# Binary Numbers – Subtracting Using 2’s Complement

binary

Is it usually to not have a carry in the two's complement method for subtracting two binary numbers when we subtract a large number from small one ?

Carry behaves as if all numbers are unsigned. Just subtract as you were taught in school, i.e. going from right to left with 'borrow':

`````` 4 = 0100
7 = 0111
---- -
1101 with a borrow remaining

7 = 0111
4 = 0100
---- -
0011 with no borrow remaining
``````

Whenever a borrow remains, a binary adder-subtractor will set carry out. It is fairly obvious this will happen if and only if the first operand is less than the second. So far for positive numbers.
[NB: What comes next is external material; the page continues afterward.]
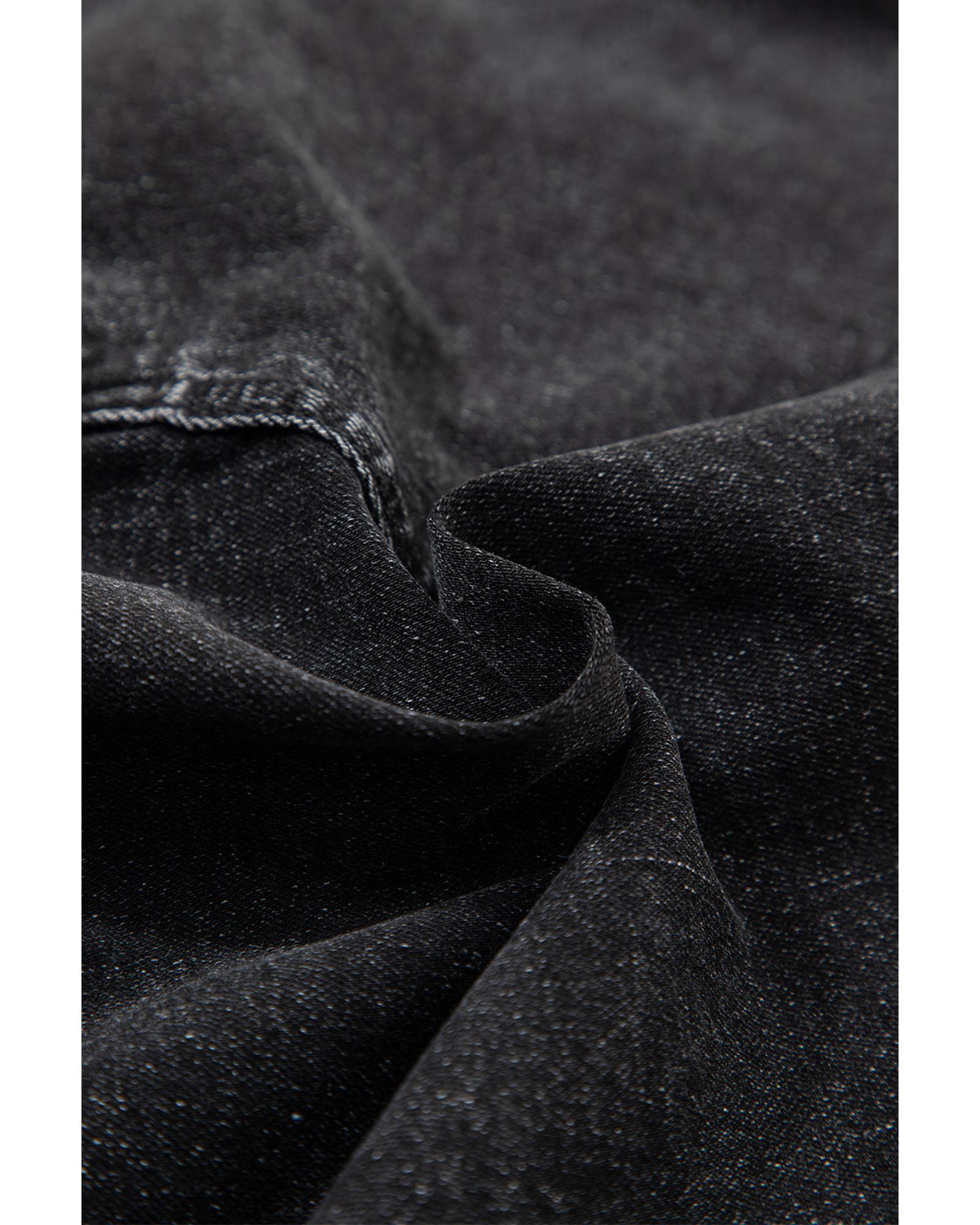 Black Side Pockets Frilled Smocked High Waist Wide Leg Jeans - XL

So what about negative numbers? As I already pointed out, carry behaves as if all numbers are unsigned. For a negative number, you first need to look up which unsigned number has the same binary representation as the negative number. For example, `-3` is represented by `1101` in (4-bit) two's complement. `1101` represents `13` when considered an unsigned number. That means:

• (-3) - 4 gives no carry, even though the first operand is smallest
• 4 - (-3) gives carry, even though the first operand is greatest

In binary:

``````-3 = 1101
4 = 0100
---- -
1001 with no borrow remaining

4 = 0100
-3 = 1101
---- -
0111 with a borrow remaining
``````

In general, the unsigned equivalent of a negative number in two's complement is always greater than the unsigned equivalent of a positive number in two's complement. So as far as carry is concerned, a negative number is always greater than a positive number. If you keep that in mind, then the answer to your question should be: yes.